Effects of initial crystal structure of Fe2O3 and Mn promoter on effective active phase for syngas to light olefins

Although it is generally acknowledged that iron carbides are the active phase in Fischer-Tropsch synthesis (FTS), adjusting the formation of active phase and catalytic performance via the initial crystal structure of iron oxides has never been studied. Herein, we take one-dimensional pure phase alpha-Fe2O3 and gamma-Fe2O3 nonporous nanorods to explore the effects of initial crystal phase of Fe2O3 on both formation of active phase and corresponding catalytic performance, in which the influence of diffusion limitation on selectivity can be ignored. In situ characterizations uncovered that the formation of iron carbides with high selectivity of light olefins strongly depends on the initial crystal phase of iron oxide and its induced metal-promoter interaction.

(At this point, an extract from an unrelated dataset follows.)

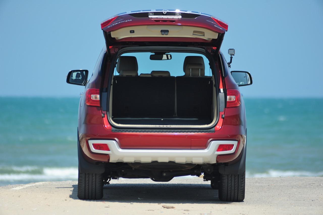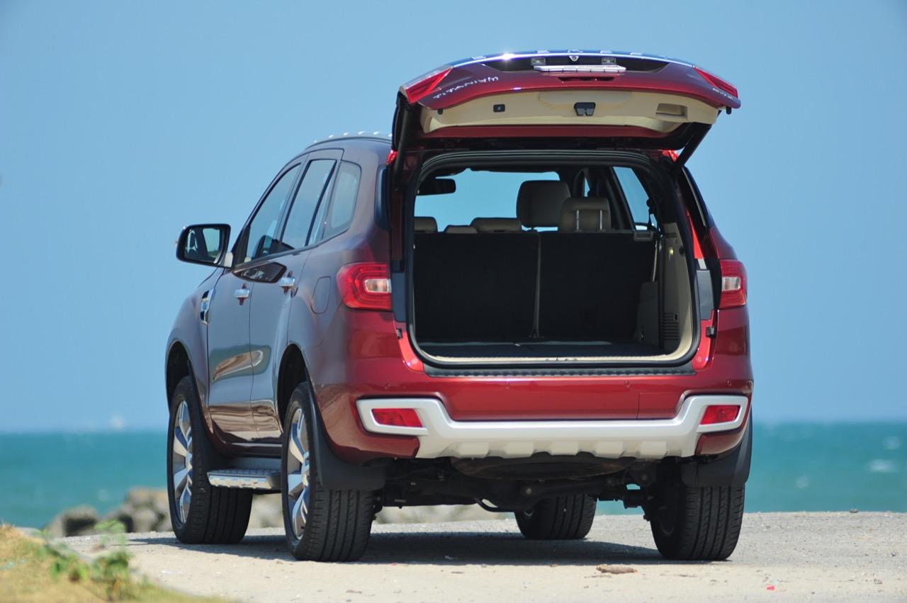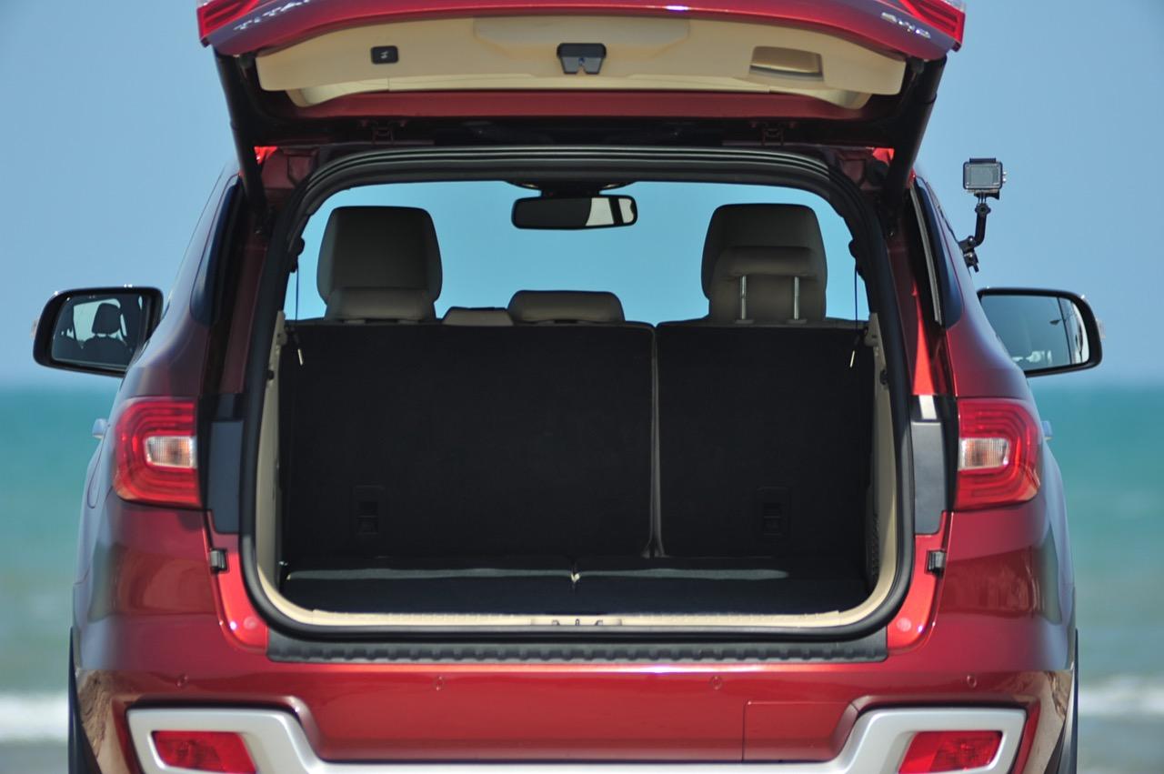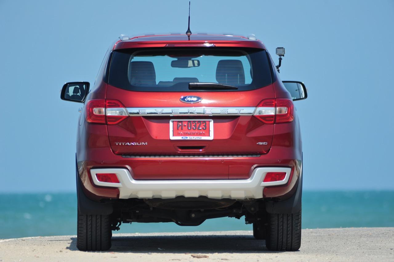 บั้นท้ายของ Everest 3.2 Titanium 4x2 6A/T สูงโด่งโจ้งแต่มีรูปทรงที่สมส่วนลงตัวจากงานออกแบบที่เข้มข้น ฝาท้ายขนาดใหญ่เปิดออกได้กว้างขวางพร้อมกลไกเปิด-ปิดฝาท้ายแบบอัตโนมัติ เป็นฝาท้ายแบบไฟฟ้าของรุ่นสูงสุดซึ่งเหนือกว่า Everest รุ่น 2.2L ที่ใช้การเปิด-ปิดฝาท้ายด้วยมือ กึ่งกลางของฝาท้ายมีชิ้นงานพลาสติกโครเมียมสีเงินคาดปิดพร้อมสัญลักษณ์ Everest คอยบอกผู้คนที่พบเห็นว่านี่คือตัวลุยเวอร์ชั่นล่าสุดจากแบรนด์ Ford ไฟท้ายทรงรีเข้ากับสัดส่วนบั้นท้ายด้วยการออกแบบที่ดีและเชื่อมโยงมุมมองส่วนท้ายให้มีความลงตัว ไฟท้ายของ Everest รุ่นใหม่ใช้หลอดไฟแบบผสมซึ่งมีทั้งหลอดไฟท้ายแบบ LED และหลอดไฟแบบธรรมดาอยู่ภายใน สปอยเลอร์หลังมีพลาสติกกันกระแทกสีดำคอยป้องกันริ้วรอยเมื่อต้องยกสัมภาระเข้าออกจากห้องเก็บของส่วนท้าย สปอยเลอร์หลังมีการดีไซน์แบบสองชิ้นเหมือนกันกับสปอยเลอร์หน้า พร้อมพลาสติกกันกระแทกสีเงินที่คล้ายกับด้านหน้าและแผ่นพลาสติกสะท้อนแสงสำหรับความปลอดภัยเมื่อจอดรถในที่มืด รุ่น 3.2 มีกล้องมองหลังติดมาให้พร้อมติดตั้งเซนเซอร์ถอยหลังแจ้งเตือนด้วยสัญญาณเสียงเมื่อถอยเข้าไปใกล้กับวัตถุกีดขวาง ด้านบนของฝาท้ายบริเวณกึ่งกลางกระจกบานฝาท้ายเป็นที่อยู่ของไฟเบรกดวงที่ 3 ซึ่งติดตั้งเอาไว้ซะสูงโด่งเพื่อทำให้มองเห็นไฟเบรกกันอย่างจะแจ้ง กระจกบังลมบานฝาท้ายยังมีใบปัดน้ำฝนมาให้เพื่อความสะดวกและมุมมองที่ดีเมื่อขับผ่านฝนฟ้าคะนอง

Responding to the morphology effect and crystallographic phase effect, Mn located on surface of gamma-Fe2O3 nanorods exhibit a low oxidation state due to a strong Fe-Mn interaction. This interaction was beneficial to the formation of C-poor iron carbide species at the metal-promoter interface during carburization. Hence, outstanding selectivity for light olefins (61.2%) was achieved on 0.5 Mn/gamma-Fe2O3 nanorods catalyst at a CO conversion of 55.1% under industrially relevant conditions (320 degrees C, 1 MPa, H-2/CO ratio of 1, and W/F = 5 g(cat) h mol(-1)). This finding enriches the fundamental understanding of active phase evolution and promoter effect in STO process and may guide the design of a catalyst with high selectivity.